The entries below are to be restated exactly, and their images are to be omitted.

STORED DATA »
☆ ☆ ☆ ☆
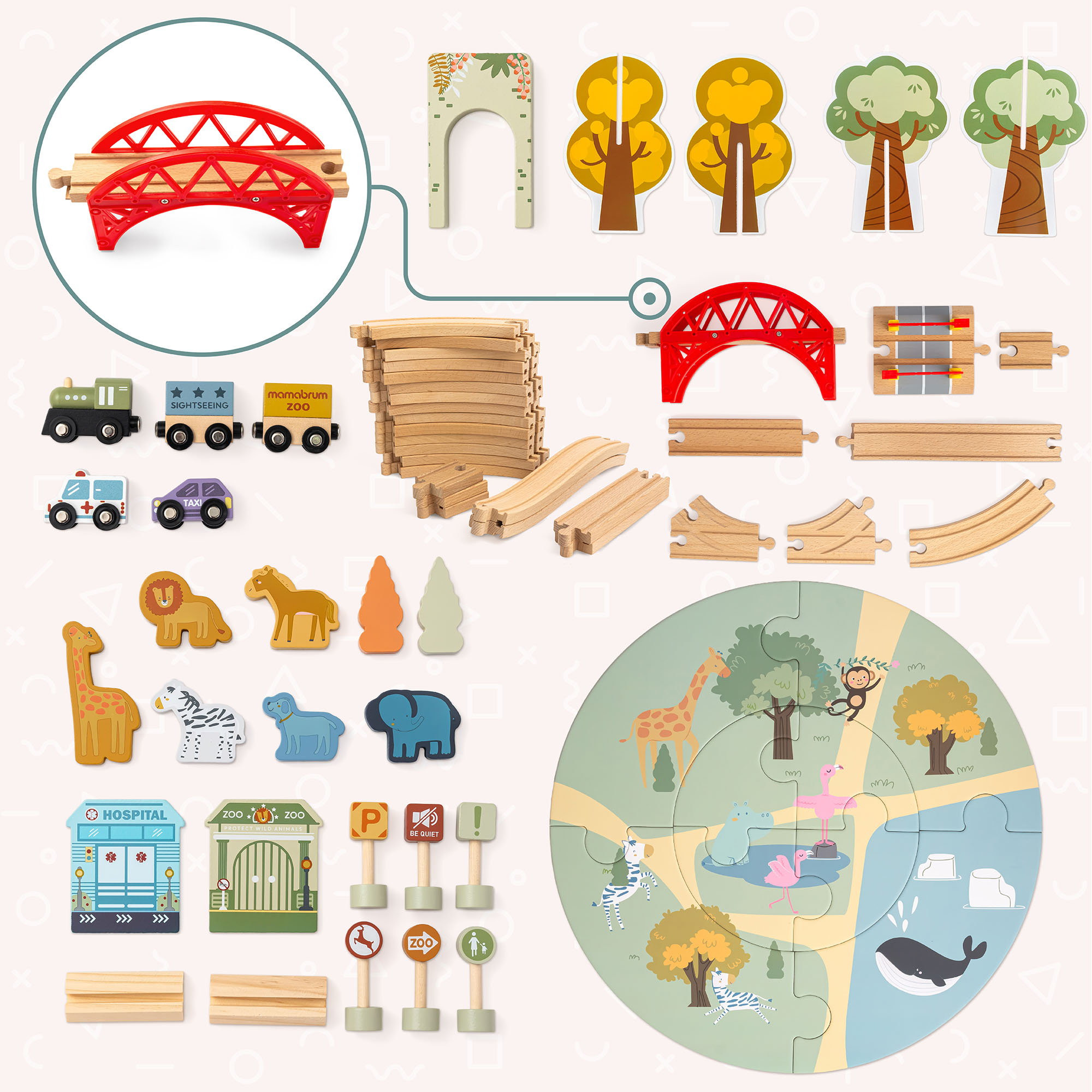 Središnja točka seta je upečatljivi crveni most i drvena vrata zoološkog vrta , koji privlače dječju pažnju i stvaraju brojne mogućnosti za igru. Vlak sa svojim vagonima prelazi preko mosta i stiže do vrata zoološkog vrta, gdje ih čeka čarobni svijet safarija . Ovo je izvrsna prilika za učenje društvenih uloga i razvoj kreativnosti – djeca mogu stvarati priče o posjetu zoološkom vrtu ili brizi za životinje.
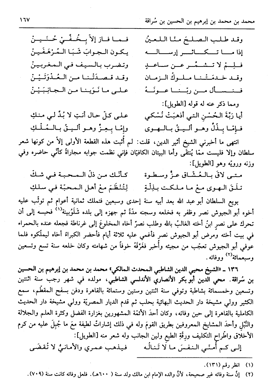 مُحَمَّد بن مُحَمَّد بن ابراهيم بن الْحُسَيْن بن سراقَة مُحي الدّين أَبُو بكر الْأنْصَارِيّ الأندلسي الشاطبي مولده فِي شهر رَجَب سنة اثْنَتَيْنِ وَتِسْعين وَخمْس مائَة بشاطبة وَتُوفِّي سنة اثْنَتَيْنِ وَسِتِّينَ وست مائَة بِالْقَاهِرَةِ وَدفن بسفح)
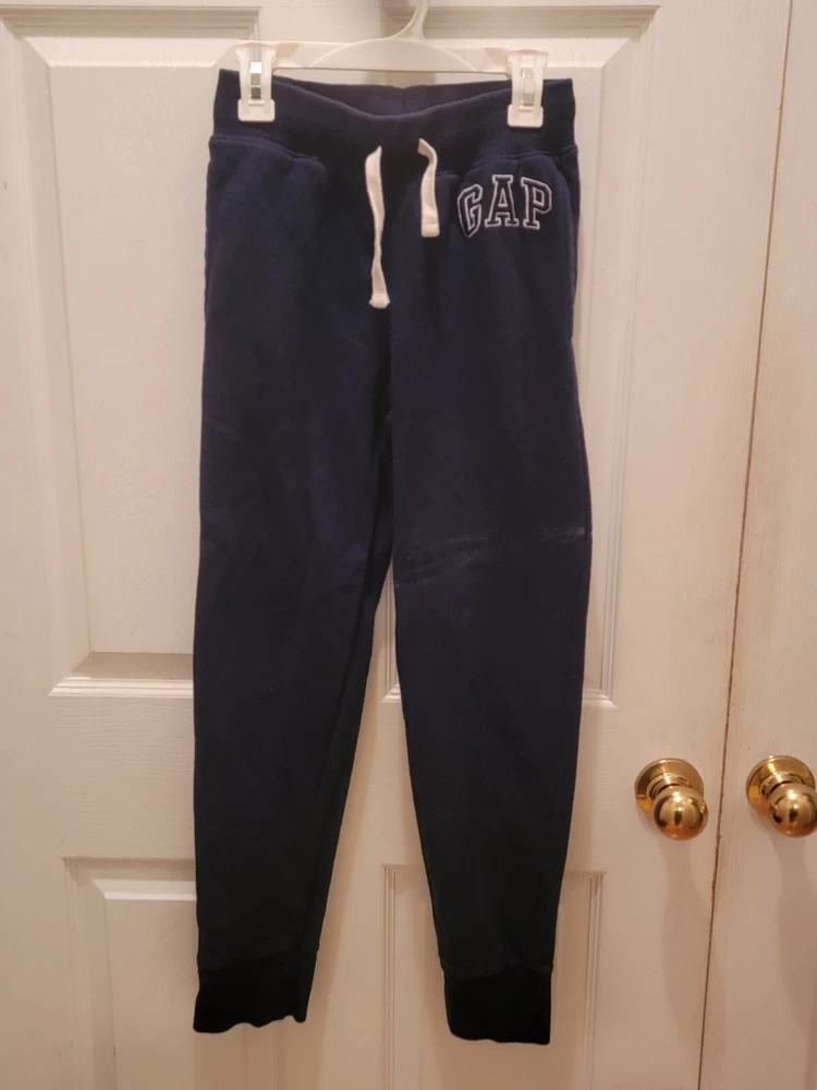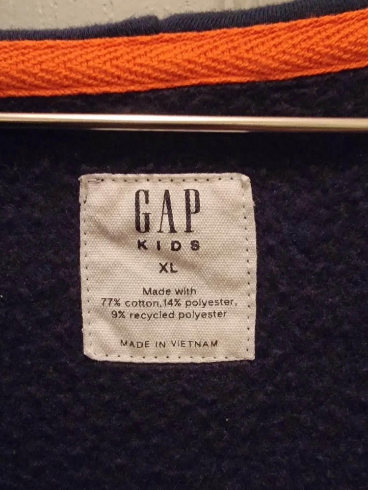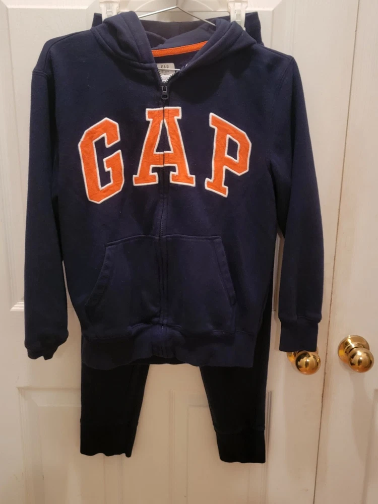 GAP Kids Navy Blue & Orange Boys Sweatsuit with Logo Zip Up Hoodie - Size XL Description: Brand: GAP Kids Type: Sweatsuit Size: Youth XL Gender: Boys Color/Pattern: Navy Blue with Orange Font Material: 100% cotton Condition: Excellent Used Condition Features: Orange GAP name across the chest on the zip up jacket. White embroidered GAP name on pants. *See pics for details* Additional Notes: Smoke-free, pet-free home Machine washable Ready to ship, fast delivery
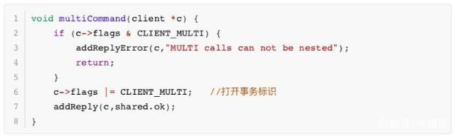Redis中使用MULTI命令标记事务的开始,可以理解为在传统关系型数据库中的BEGIN TRANCATION语句,Redis将执行该命令的客户端从非事务状态切换成事务状态,这一切换是通过在客户端状态的flags属性中打开REDIS_MULTI标识完成, 我们看下Redis中对应部分的源码实现:
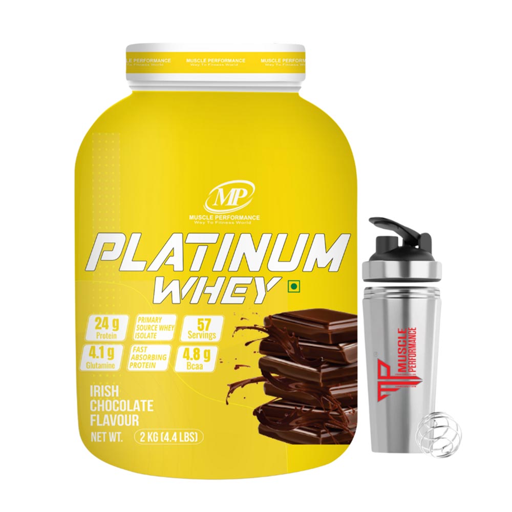Muscle Performance Platinum Whey, 2 kg (4.4 lb), Irish Chocolate with Steel Shaker
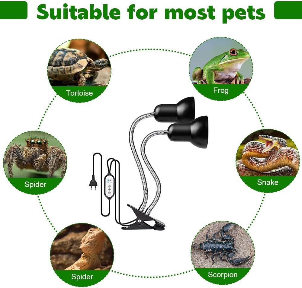 – Die Reptilien-Wärmelampe eignet sich sehr gut für Reptilien und Amphibien, einschließlich Schildkröten, Eidechsen, Schlangen, Bartagamen, Frösche, Leguane, Schildkröten usw.
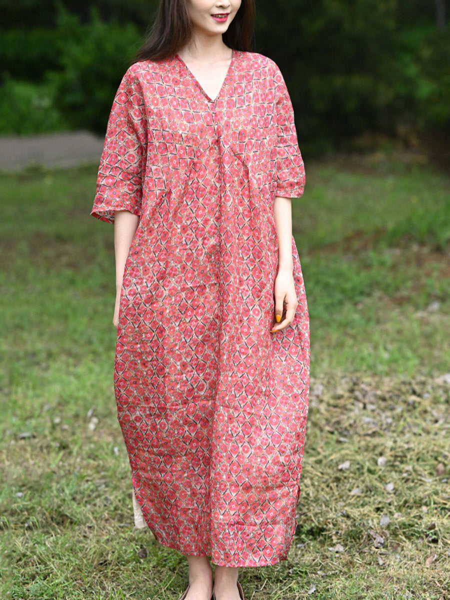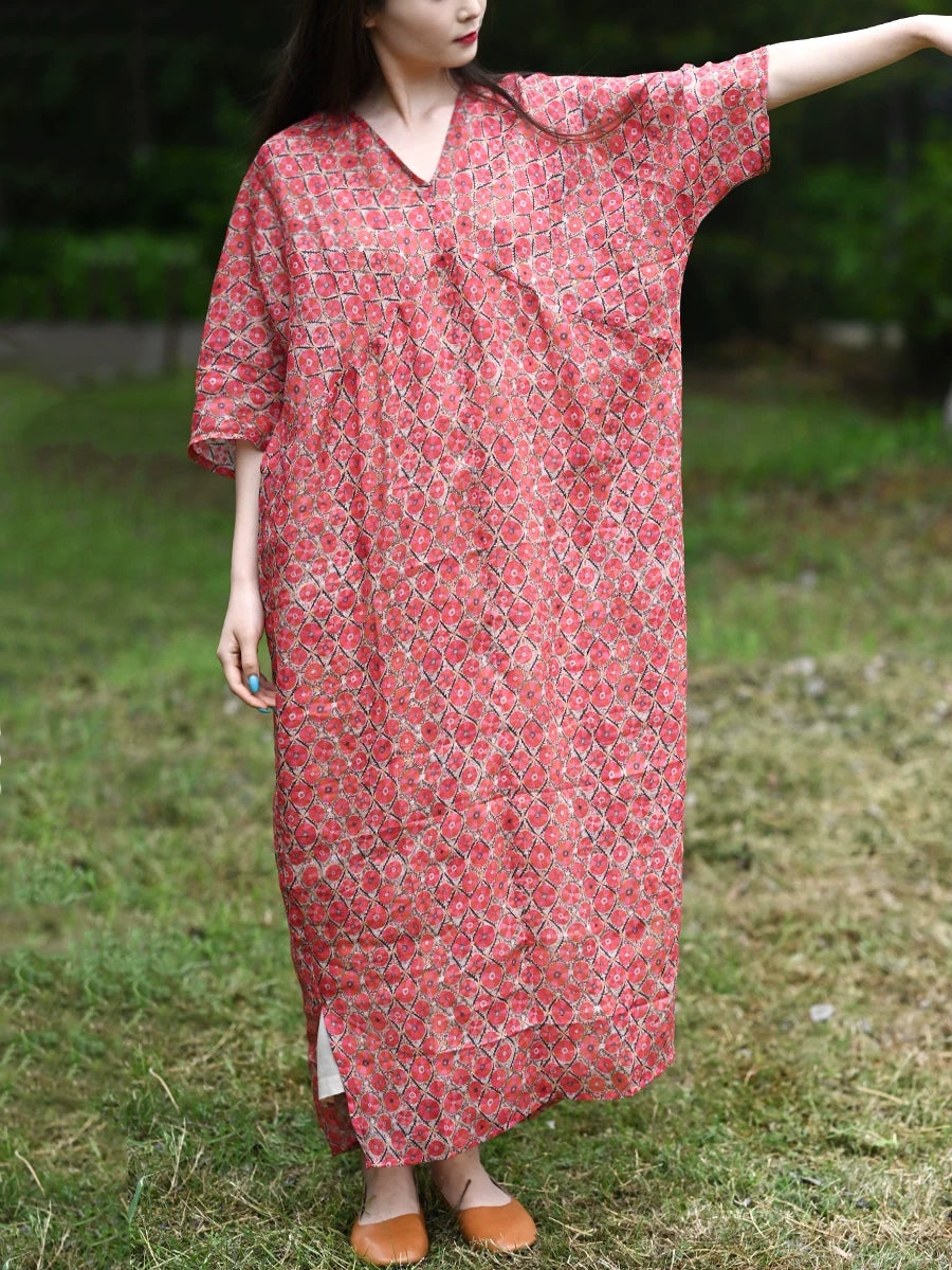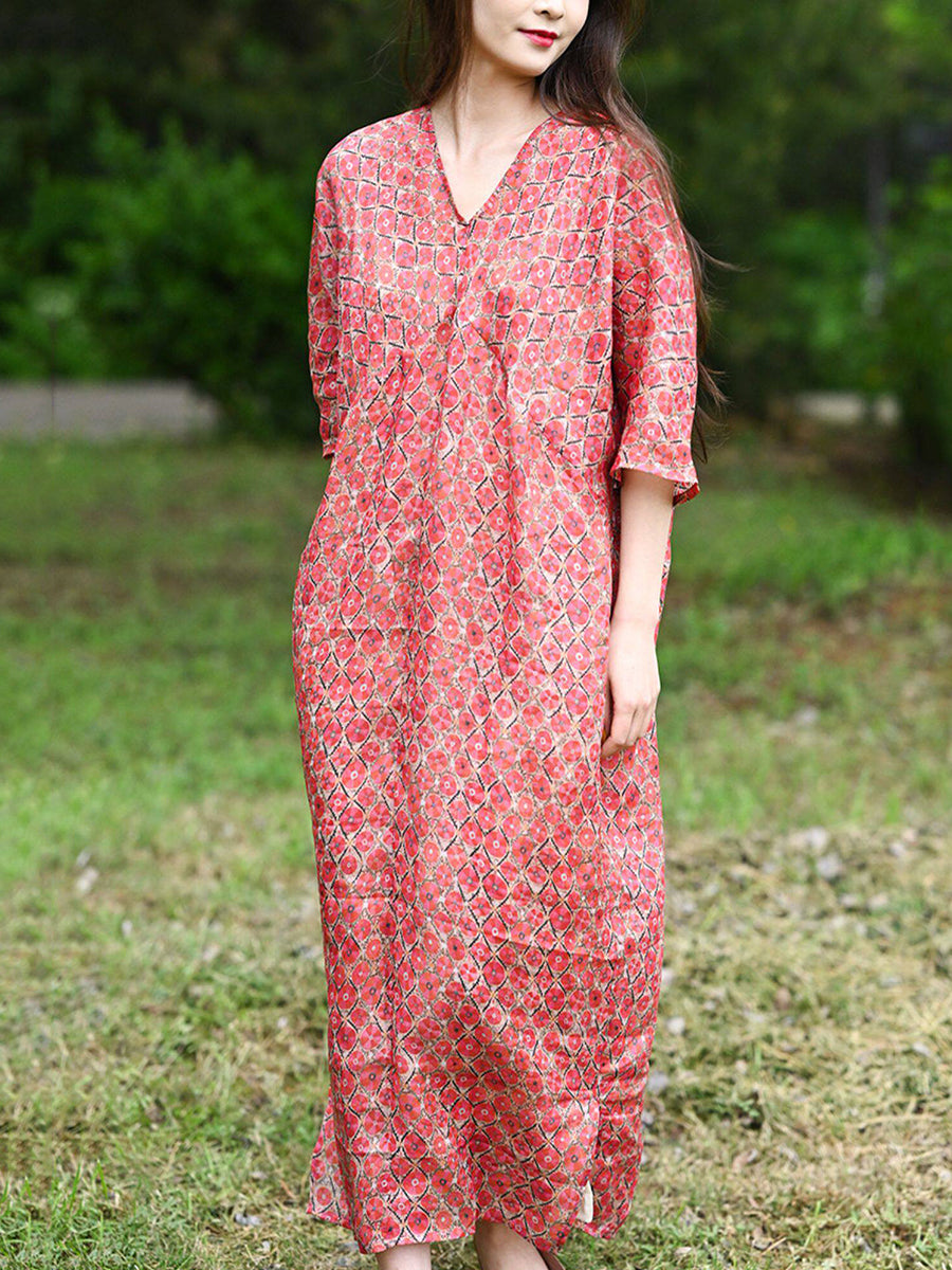 Women Summer Vintage Floral 100%Ramie V-Neck Dress
☆ ☆ ☆ ☆
ANSWER BOX »
 Središnja točka seta je upečatljivi crveni most i drvena vrata zoološkog vrta , koji privlače dječju pažnju i stvaraju brojne mogućnosti za igru. Vlak sa svojim vagonima prelazi preko mosta i stiže do vrata zoološkog vrta, gdje ih čeka čarobni svijet safarija . Ovo je izvrsna prilika za učenje društvenih uloga i razvoj kreativnosti – djeca mogu stvarati priče o posjetu zoološkom vrtu ili brizi za životinje.
 مُحَمَّد بن مُحَمَّد بن ابراهيم بن الْحُسَيْن بن سراقَة مُحي الدّين أَبُو بكر الْأنْصَارِيّ الأندلسي الشاطبي مولده فِي شهر رَجَب سنة اثْنَتَيْنِ وَتِسْعين وَخمْس مائَة بشاطبة وَتُوفِّي سنة اثْنَتَيْنِ وَسِتِّينَ وست مائَة بِالْقَاهِرَةِ وَدفن بسفح)
 GAP Kids Navy Blue & Orange Boys Sweatsuit with Logo Zip Up Hoodie - Size XL Description: Brand: GAP Kids Type: Sweatsuit Size: Youth XL Gender: Boys Color/Pattern: Navy Blue with Orange Font Material: 100% cotton Condition: Excellent Used Condition Features: Orange GAP name across the chest on the zip up jacket. White embroidered GAP name on pants. *See pics for details* Additional Notes: Smoke-free, pet-free home Machine washable Ready to ship, fast delivery
Redis中使用MULTI命令标记事务的开始,可以理解为在传统关系型数据库中的BEGIN TRANCATION语句,Redis将执行该命令的客户端从非事务状态切换成事务状态,这一切换是通过在客户端状态的flags属性中打开REDIS_MULTI标识完成, 我们看下Redis中对应部分的源码实现:
Muscle Performance Platinum Whey, 2 kg (4.4 lb), Irish Chocolate with Steel Shaker
 – Die Reptilien-Wärmelampe eignet sich sehr gut für Reptilien und Amphibien, einschließlich Schildkröten, Eidechsen, Schlangen, Bartagamen, Frösche, Leguane, Schildkröten usw.
 Women Summer Vintage Floral 100%Ramie V-Neck Dress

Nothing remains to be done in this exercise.